KKEG
- Bentonville, Arkansas; United States;
- Broadcast area: Northwest Arkansas
- Frequency: 98.3 MHz
- Branding: 98.3 KKEG

Programming
- Format: Classic hits

Ownership
- Owner: Cumulus Media; (Cumulus Licensing LLC);
- Sister stations: KAMO-FM; KFAY; KMCK-FM; KQSM-FM; KRMW-FM; KYNG;

History
- First air date: November 7, 1983
- Former call signs: KBCV (1983–1995); KFAY-FM (1995–2004); KQSM-FM (2004–2009);
- Call sign meaning: "Keg"

Technical information
- Licensing authority: FCC
- Facility ID: 16571
- Class: C1
- ERP: 100,000 watts
- HAAT: 188 meters (617 ft)
- Transmitter coordinates: 36°7′38″N 93°59′23″W﻿ / ﻿36.12722°N 93.98972°W

Links
- Public license information: Public file; LMS;
- Webcast: Listen Live
- Website: www.983kkeg.com

= KKEG =

Radio station in Bentonville, Arkansas, United States

KKEG (98.3 FM, "98.3 KKEG") is a commercial radio station broadcasting a classic hits radio format. Licensed to Bentonville, it serves Northwest Arkansas and is owned by Cumulus Media.
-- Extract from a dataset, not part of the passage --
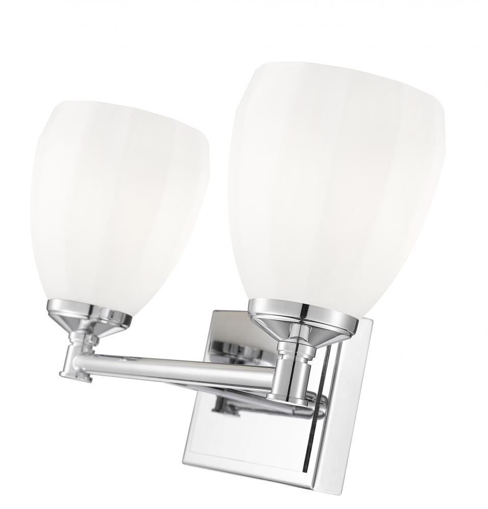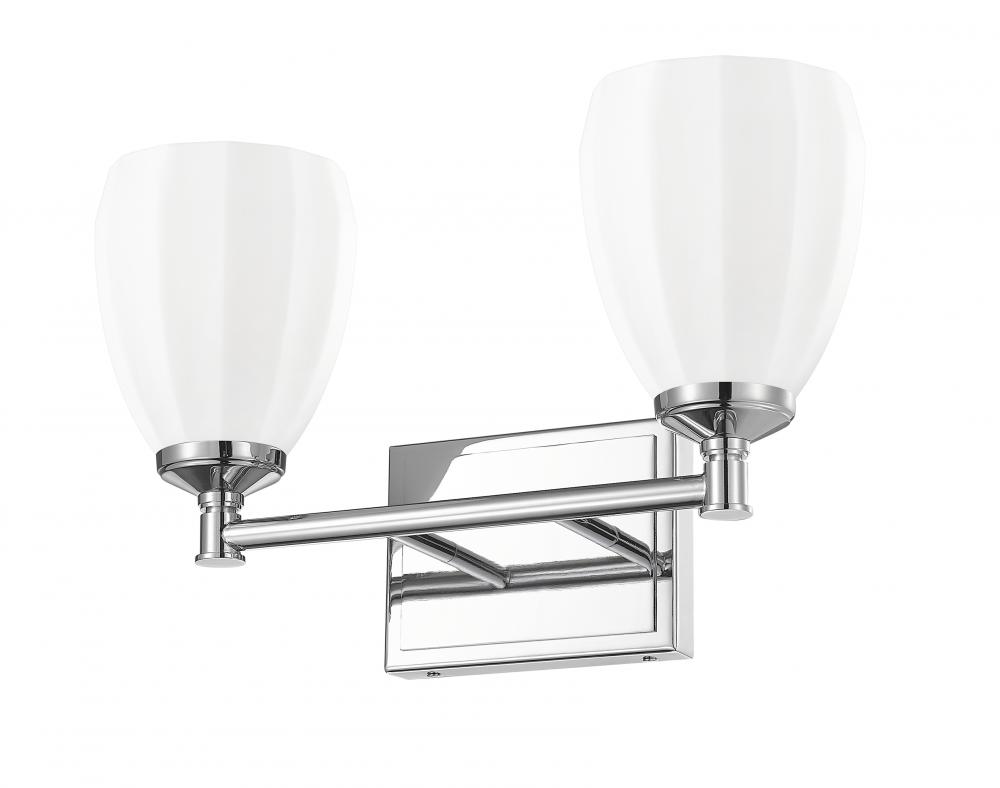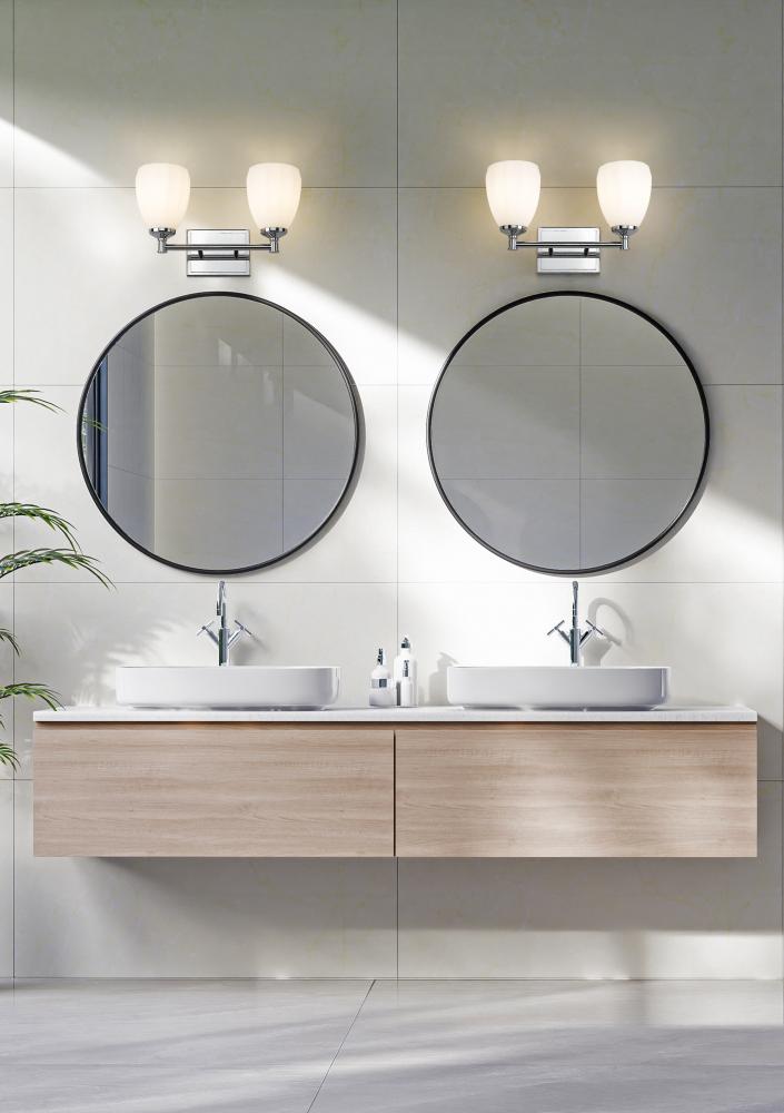 Gleaming chrome adds reflectivity and contemporary pop to the graceful silhouette of a modern two-light vanity sconce. Its simple frame and straight arm are crafted in steel for durability, while matte opal glass shades diffuse illumination and cast a warm, inviting glow. The decorative shade design is a fresh, refined touch perfect for an upgrade in your bath.

The studios and offices are on Frontage Road in Fayetteville.

KKEG has an effective radiated power (ERP) of 100,000 watts, the maximum for non-grandfathered FM stations. The transmitter is on Pug Gayer Road in Fayetteville. The signal is heard in parts of Arkansas, Missouri and Oklahoma.

==History==
In 1969, the station signed on as Northwest Arkansas' only rock station, originally at 92.1 MHz in Fayetteville, Arkansas. The format was free form, allowing the disc jockeys to choose the music they wanted to play, with the freedom to discuss music, pop culture and other topics between songs.
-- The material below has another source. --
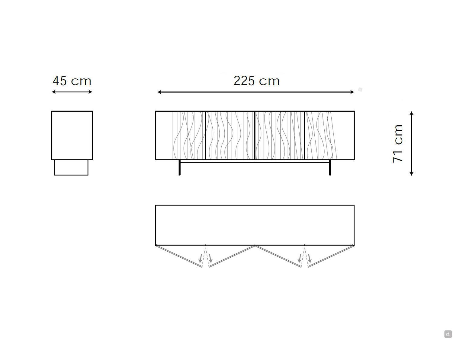 Die besondere Lackierung der Struktur verleiht ihr einen eindrucksvollen Vintage-Effekt mit bemerkenswerter optischer Wirkung, zusammen mit den Gravuren, die die vier Türen, die etwas höher als die Oberseite sind, zu einem Ganzen verbinden, um ein einfaches Öffnen ohne Griffe zu ermöglichen. Die beiden Innenfächer aus melamin Holz enthalten zwei Regalböden in derselben Ausführung, die neben viel Stauraum eine maximale Tragkraft von 10 kg gewährleisten.

In the late 1970s, the station moved to a more structured playlist. The station aired tracks from the most popular rock albums. In 1980, KKEG was the first Northwest Arkansas radio station to give away a new vehicle. In 1999, KKEG celebrated 30 years of broadcasting rock and roll to Northwest Arkansas listeners by giving away a home.

Logo as 98.3 The Keg

On June 11, 2009, the rock format on 92.1 FM Fayetteville was moved to 98.3 FM as "98.3 The Keg" along with the KKEG call sign. The KQSM-FM call sign was moved to 92.1 FM.
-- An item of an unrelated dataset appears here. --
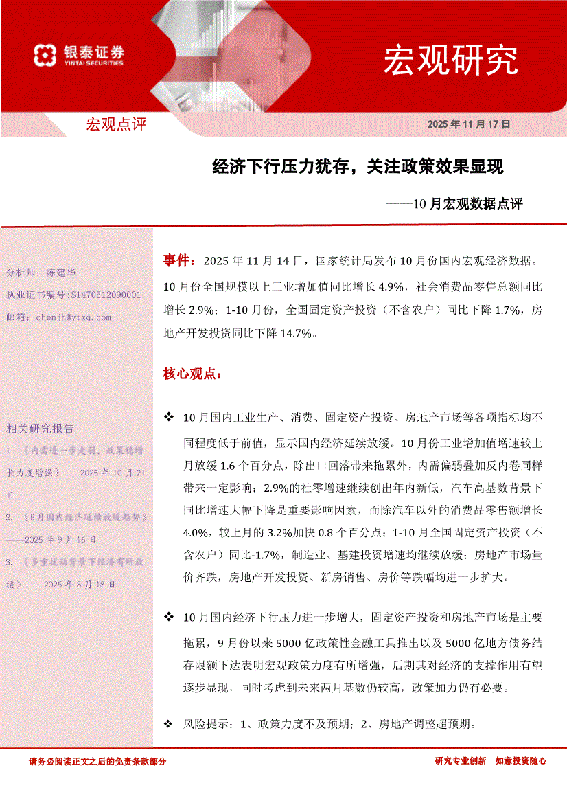 银泰证券-10月宏观数据点评:经济下行压力犹存,关注政策效果显现-251117
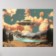 Surreal UFO Above Mountain Lake with Planets Poster

On April 17, 2025 at 10am, KKEG changed their format from active rock to classic hits.

Past DJs: Jack Daniels, Mojo, Droid, Laura K., Dave Fry, Joel Casey, JB, Sandy Scott, Jon Williams, Stash, Mareike, Miller.

In August 2026, Cumulus Media announced it will sell KKEG, along with WIXV, to Radio Training Network for $2,050,000.